▶ **PROBLEM DETAILS**: Every entry that follows should be output again, word for word.

§

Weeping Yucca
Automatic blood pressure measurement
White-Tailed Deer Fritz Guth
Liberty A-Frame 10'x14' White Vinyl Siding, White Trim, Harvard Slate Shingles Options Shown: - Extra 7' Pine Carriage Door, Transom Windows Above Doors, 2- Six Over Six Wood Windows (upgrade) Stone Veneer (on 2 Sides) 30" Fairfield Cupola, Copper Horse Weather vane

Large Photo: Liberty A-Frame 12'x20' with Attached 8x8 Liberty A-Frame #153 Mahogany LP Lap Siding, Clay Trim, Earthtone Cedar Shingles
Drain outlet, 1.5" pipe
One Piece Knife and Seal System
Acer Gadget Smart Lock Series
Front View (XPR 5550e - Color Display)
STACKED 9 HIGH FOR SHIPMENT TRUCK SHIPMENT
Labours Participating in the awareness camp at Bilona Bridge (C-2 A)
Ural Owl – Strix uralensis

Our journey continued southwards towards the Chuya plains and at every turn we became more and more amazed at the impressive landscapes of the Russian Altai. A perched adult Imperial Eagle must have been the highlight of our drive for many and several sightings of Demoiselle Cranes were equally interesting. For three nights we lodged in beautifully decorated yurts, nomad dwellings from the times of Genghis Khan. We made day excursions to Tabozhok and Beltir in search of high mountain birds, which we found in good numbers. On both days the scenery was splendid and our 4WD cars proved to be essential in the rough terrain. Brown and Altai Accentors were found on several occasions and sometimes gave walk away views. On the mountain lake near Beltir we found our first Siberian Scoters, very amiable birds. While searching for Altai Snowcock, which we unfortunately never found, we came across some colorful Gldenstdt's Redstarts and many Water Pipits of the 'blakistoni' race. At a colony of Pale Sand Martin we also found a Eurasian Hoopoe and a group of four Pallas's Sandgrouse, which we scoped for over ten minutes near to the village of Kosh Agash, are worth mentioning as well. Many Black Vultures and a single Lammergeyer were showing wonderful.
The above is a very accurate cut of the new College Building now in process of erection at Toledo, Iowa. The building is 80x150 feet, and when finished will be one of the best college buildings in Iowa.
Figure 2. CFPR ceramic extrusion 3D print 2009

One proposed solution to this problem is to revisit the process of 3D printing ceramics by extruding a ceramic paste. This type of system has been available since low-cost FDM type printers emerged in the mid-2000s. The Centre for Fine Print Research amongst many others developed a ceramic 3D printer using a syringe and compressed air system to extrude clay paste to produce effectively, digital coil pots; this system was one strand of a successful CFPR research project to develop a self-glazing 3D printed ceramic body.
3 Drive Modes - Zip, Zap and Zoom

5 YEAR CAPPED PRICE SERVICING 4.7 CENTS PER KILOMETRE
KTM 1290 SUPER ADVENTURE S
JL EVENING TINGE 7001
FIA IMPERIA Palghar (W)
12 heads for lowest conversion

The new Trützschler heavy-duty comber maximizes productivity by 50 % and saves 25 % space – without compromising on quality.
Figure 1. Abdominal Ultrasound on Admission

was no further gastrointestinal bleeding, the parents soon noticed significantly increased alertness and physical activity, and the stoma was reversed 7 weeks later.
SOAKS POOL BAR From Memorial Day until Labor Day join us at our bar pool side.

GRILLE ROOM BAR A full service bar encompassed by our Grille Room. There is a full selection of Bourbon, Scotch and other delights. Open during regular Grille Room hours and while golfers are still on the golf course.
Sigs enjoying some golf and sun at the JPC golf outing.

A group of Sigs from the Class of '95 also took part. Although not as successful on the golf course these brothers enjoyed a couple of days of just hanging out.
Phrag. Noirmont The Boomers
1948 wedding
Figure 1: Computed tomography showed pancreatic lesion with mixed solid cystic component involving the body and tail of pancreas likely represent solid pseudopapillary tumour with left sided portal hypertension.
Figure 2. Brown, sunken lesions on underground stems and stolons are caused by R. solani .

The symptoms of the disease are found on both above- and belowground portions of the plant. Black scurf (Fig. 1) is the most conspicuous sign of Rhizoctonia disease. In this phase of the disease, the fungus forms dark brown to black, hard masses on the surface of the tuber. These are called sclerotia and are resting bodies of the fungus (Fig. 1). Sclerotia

§

▶ **RESPONSE AREA**:
Weeping Yucca
Automatic blood pressure measurement
White-Tailed Deer Fritz Guth
Liberty A-Frame 10'x14' White Vinyl Siding, White Trim, Harvard Slate Shingles Options Shown: - Extra 7' Pine Carriage Door, Transom Windows Above Doors, 2- Six Over Six Wood Windows (upgrade) Stone Veneer (on 2 Sides) 30" Fairfield Cupola, Copper Horse Weather vane

Large Photo: Liberty A-Frame 12'x20' with Attached 8x8 Liberty A-Frame #153 Mahogany LP Lap Siding, Clay Trim, Earthtone Cedar Shingles
Drain outlet, 1.5" pipe
One Piece Knife and Seal System
Acer Gadget Smart Lock Series
Front View (XPR 5550e - Color Display)
STACKED 9 HIGH FOR SHIPMENT TRUCK SHIPMENT
Labours Participating in the awareness camp at Bilona Bridge (C-2 A)
Ural Owl – Strix uralensis

Our journey continued southwards towards the Chuya plains and at every turn we became more and more amazed at the impressive landscapes of the Russian Altai. A perched adult Imperial Eagle must have been the highlight of our drive for many and several sightings of Demoiselle Cranes were equally interesting. For three nights we lodged in beautifully decorated yurts, nomad dwellings from the times of Genghis Khan. We made day excursions to Tabozhok and Beltir in search of high mountain birds, which we found in good numbers. On both days the scenery was splendid and our 4WD cars proved to be essential in the rough terrain. Brown and Altai Accentors were found on several occasions and sometimes gave walk away views. On the mountain lake near Beltir we found our first Siberian Scoters, very amiable birds. While searching for Altai Snowcock, which we unfortunately never found, we came across some colorful Gldenstdt's Redstarts and many Water Pipits of the 'blakistoni' race. At a colony of Pale Sand Martin we also found a Eurasian Hoopoe and a group of four Pallas's Sandgrouse, which we scoped for over ten minutes near to the village of Kosh Agash, are worth mentioning as well. Many Black Vultures and a single Lammergeyer were showing wonderful.
The above is a very accurate cut of the new College Building now in process of erection at Toledo, Iowa. The building is 80x150 feet, and when finished will be one of the best college buildings in Iowa.
Figure 2. CFPR ceramic extrusion 3D print 2009

One proposed solution to this problem is to revisit the process of 3D printing ceramics by extruding a ceramic paste. This type of system has been available since low-cost FDM type printers emerged in the mid-2000s. The Centre for Fine Print Research amongst many others developed a ceramic 3D printer using a syringe and compressed air system to extrude clay paste to produce effectively, digital coil pots; this system was one strand of a successful CFPR research project to develop a self-glazing 3D printed ceramic body.
3 Drive Modes - Zip, Zap and Zoom

5 YEAR CAPPED PRICE SERVICING 4.7 CENTS PER KILOMETRE
KTM 1290 SUPER ADVENTURE S
JL EVENING TINGE 7001
FIA IMPERIA Palghar (W)
12 heads for lowest conversion

The new Trützschler heavy-duty comber maximizes productivity by 50 % and saves 25 % space – without compromising on quality.
Figure 1. Abdominal Ultrasound on Admission

was no further gastrointestinal bleeding, the parents soon noticed significantly increased alertness and physical activity, and the stoma was reversed 7 weeks later.
SOAKS POOL BAR From Memorial Day until Labor Day join us at our bar pool side.

GRILLE ROOM BAR A full service bar encompassed by our Grille Room. There is a full selection of Bourbon, Scotch and other delights. Open during regular Grille Room hours and while golfers are still on the golf course.
Sigs enjoying some golf and sun at the JPC golf outing.

A group of Sigs from the Class of '95 also took part. Although not as successful on the golf course these brothers enjoyed a couple of days of just hanging out.
Phrag. Noirmont The Boomers
1948 wedding
Figure 1: Computed tomography showed pancreatic lesion with mixed solid cystic component involving the body and tail of pancreas likely represent solid pseudopapillary tumour with left sided portal hypertension.
Figure 2. Brown, sunken lesions on underground stems and stolons are caused by R. solani .

The symptoms of the disease are found on both above- and belowground portions of the plant. Black scurf (Fig. 1) is the most conspicuous sign of Rhizoctonia disease. In this phase of the disease, the fungus forms dark brown to black, hard masses on the surface of the tuber. These are called sclerotia and are resting bodies of the fungus (Fig. 1). Sclerotia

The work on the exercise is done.